* Work request: Output each line exactly as written, from the first line of the records to the line bearing "Микшеры-усилители CVGaudio MTR-240Z", inclusive, while leaving every picture out.

──────── Source information ────────

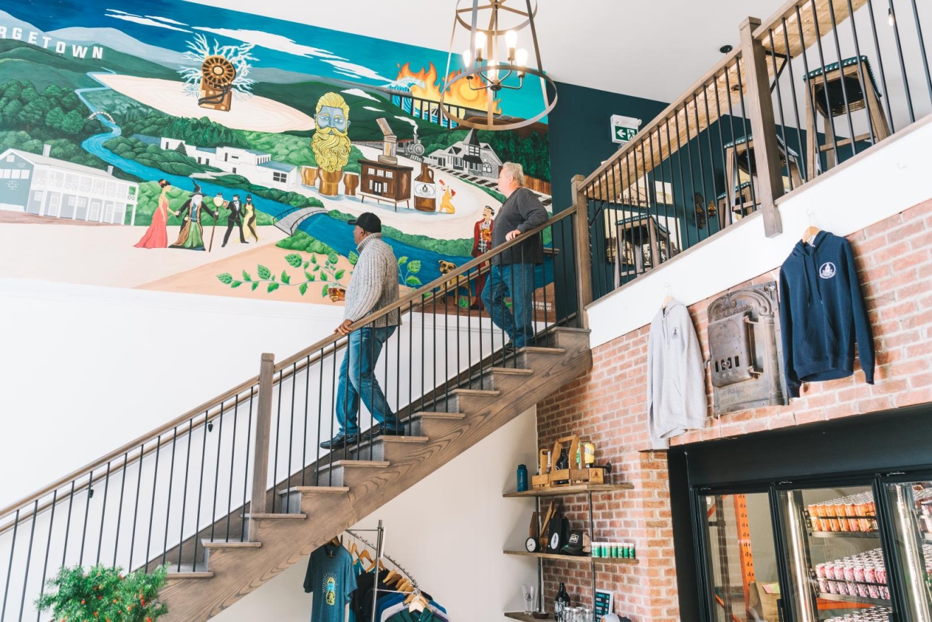 The upstairs taproom at Furnace Room Brewery has become a beloved gathering spot for locals to socialize and enjoy a pint. The design brief called for a rustic yet tasteful space rich in character. Key features included a 60-foot wall mural showcasing iconic beer brand characters, antique Spanish sconces, and a custom driftwood light fixture. A rustic mirror replaced an oversized TV to reflect light and enhance the space, while historic canvas prints celebrated Georgetown's heritage.
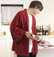 フロントは前開きで、ひざ下丈の使いやすいサイズ。ショート丈なので、ズボンからのぞく心配もありません。
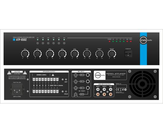 Микшеры-усилители CVGaudio MTR-240Z - 100V Public Address усилитель для систем фонового звука в торговых и общественных помещениях. Помимо традиционных для подобных усилителей линейных и микрофонных входов MTR-240Z имеет встроенный модуль MP3 плеера и FM тюнера. Плеер может проигрывать mp3 файлы с USB флешки или SDcard. FM тюнер имеет память на 20 станций и возможность подключения внешней антенны для более уверенного приема радиотрансляции. Модуль плеера и тюнера может управляться с дистанционного IR пульта, входящего в комплект поставки. Также, как было написано выше, к усилителю можно подключить два источника линейного сигнала (CD, DVD, MP3 плеер, компьютер, ноутбук, планшет и так далее) и два микрофона. Первый микрофонный вход приоритетный и наличие сигнала на нем заглушает все остальные линейные и микрофонные входящие сигналы, а также сигнал с встроенного MP3/FM модуля. Линейные входа усилителя выполнены на разъемах 2RCA, микрофонные входа - TRS 6,3mm Jack (не
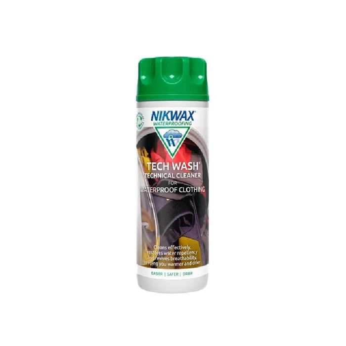 Nikwax Tech Wash® will revitalise existing Durable Water Repellency (DWR) and revive breathability. It is the safe way to thoroughly clean your waterproof clothing and equipment. Application in a washing machine is quick, easy, and ensures that the whole garment is thoroughly cleaned.
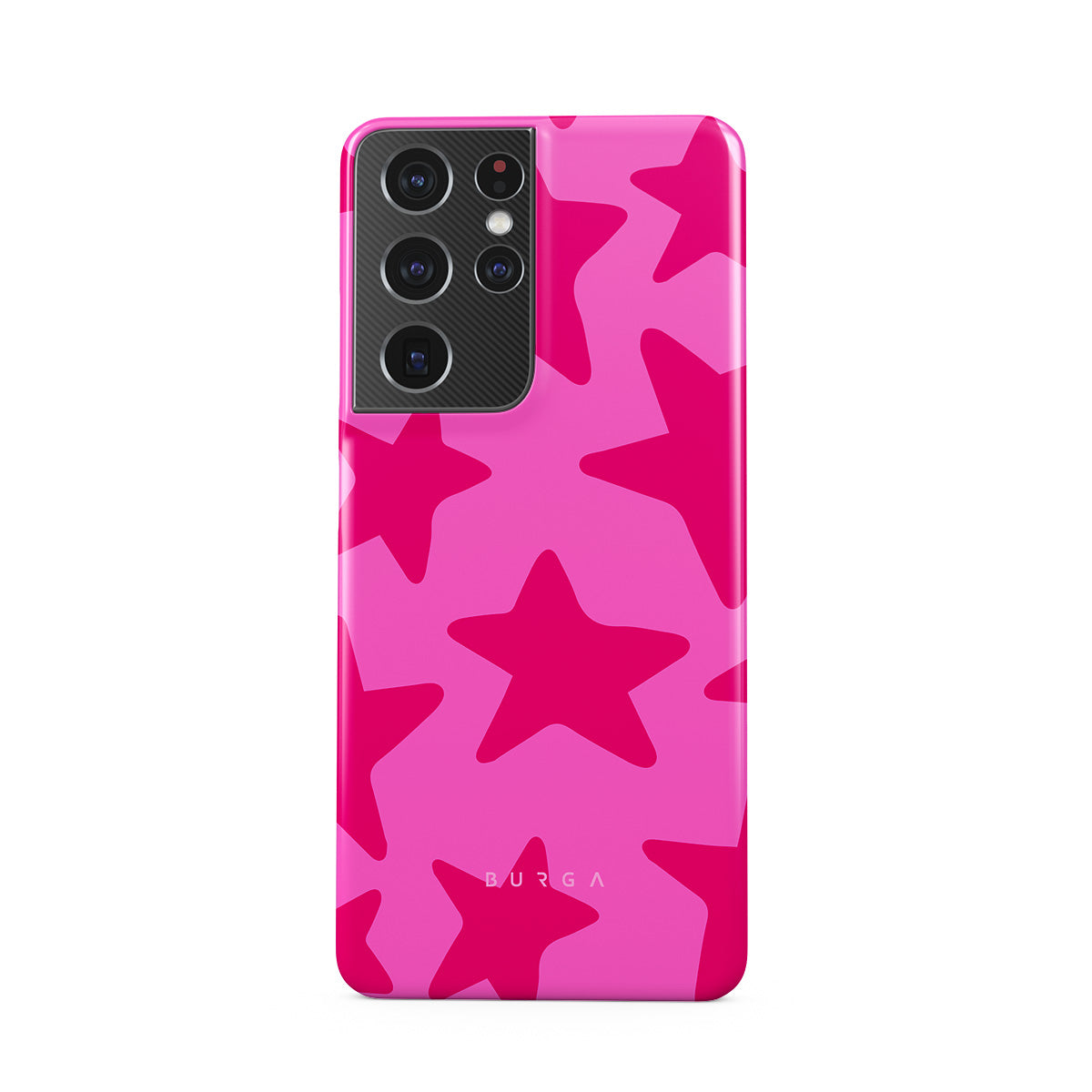 Indulge in a heavenly playground where stars engage in a captivating cosmic game of tag. Enjoy a celestial carnival and fashion fantasy dipped in a sugar-rush of pink. Live the Paradise City dream with our Let's Go Party Samsung Galaxy S21 Ultra phone case and flaunt your style.
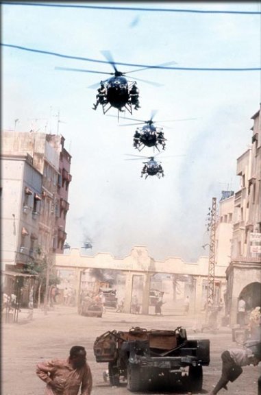 Ridley Scottin uraa voidaan perustellusti pitää jokseenkin yhtä tasaisena kuin vuoristorata. Toisaalta mies on ohjannut sellaisia mestariteoksia kuin Blade Runner (1982) ja Alien - Kahdeksas matkustaja (1979), pahimmillaan taas äijä on kiduttanut katsojia G.I. Janen (1997) ja Hannibalin (2001) kaltaisella roskalla. Kun tämän median lukijoille erittäin tuttu tähtilipun liehuttaja, aikaisemmin Ridleyn lahjattoman velipojan kanssa työskennellyt Jerry Bruckheimer, yhdessä Lara Croft: Tomb Raider (2001) ja Con Air (1997) -elokuvat ohjanneen Simon Westin kanssa, onnistui taivuttelemaan Ridley Scottin ohjaamaan elokuvan eräästä USA:n sotilashistorian pahimmista fiaskoista, hanke kieltämättä herätti hieman mielenkiintoa. Ei kuitenkaan niin paljoa, että olisin vaivautunut Isku Mogadishuun (Black Hawk Down) -elokuvaa teatteriin katsomaan, eikä DVD:n hankkiminen täydellä hinnalla houkutellut yhtään enempää. Kun erääseen ystävällismieliseen naapurimaahan sijoitettu täyden palvelun DVD-myymälä taannoin tarjosi hulppeilla extroilla kuorrutettua Isku Mogadishuun tripla-DVD:tä noin kymmenen täkäläisen oravannahan hintaan, tuli teos kuitenkin poimittua hyllyyn ja useamman kuukauden hyllyssä lojumisen jälkeen levy löysi tiensä allekirjoittaneen DVD -soittimeen.

────────

* Task answer:
 The upstairs taproom at Furnace Room Brewery has become a beloved gathering spot for locals to socialize and enjoy a pint. The design brief called for a rustic yet tasteful space rich in character. Key features included a 60-foot wall mural showcasing iconic beer brand characters, antique Spanish sconces, and a custom driftwood light fixture. A rustic mirror replaced an oversized TV to reflect light and enhance the space, while historic canvas prints celebrated Georgetown's heritage.
 フロントは前開きで、ひざ下丈の使いやすいサイズ。ショート丈なので、ズボンからのぞく心配もありません。
 Микшеры-усилители CVGaudio MTR-240Z - 100V Public Address усилитель для систем фонового звука в торговых и общественных помещениях. Помимо традиционных для подобных усилителей линейных и микрофонных входов MTR-240Z имеет встроенный модуль MP3 плеера и FM тюнера. Плеер может проигрывать mp3 файлы с USB флешки или SDcard. FM тюнер имеет память на 20 станций и возможность подключения внешней антенны для более уверенного приема радиотрансляции. Модуль плеера и тюнера может управляться с дистанционного IR пульта, входящего в комплект поставки. Также, как было написано выше, к усилителю можно подключить два источника линейного сигнала (CD, DVD, MP3 плеер, компьютер, ноутбук, планшет и так далее) и два микрофона. Первый микрофонный вход приоритетный и наличие сигнала на нем заглушает все остальные линейные и микрофонные входящие сигналы, а также сигнал с встроенного MP3/FM модуля. Линейные входа усилителя выполнены на разъемах 2RCA, микрофонные входа - TRS 6,3mm Jack (не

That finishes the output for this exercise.